● **Task objective**
Among the lines of this listing, count those that include "Völklingen" and state the count by itself.

● **Supplied material**

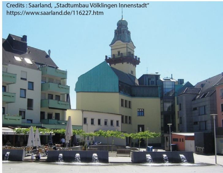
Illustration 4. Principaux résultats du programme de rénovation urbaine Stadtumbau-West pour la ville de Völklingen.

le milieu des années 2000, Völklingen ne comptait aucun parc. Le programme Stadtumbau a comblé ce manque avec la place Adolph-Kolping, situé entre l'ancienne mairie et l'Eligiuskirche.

...

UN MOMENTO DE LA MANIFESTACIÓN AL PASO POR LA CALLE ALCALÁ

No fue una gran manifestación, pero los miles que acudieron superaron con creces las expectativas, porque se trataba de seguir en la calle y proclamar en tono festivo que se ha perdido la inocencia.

● **Result of this exercise**
2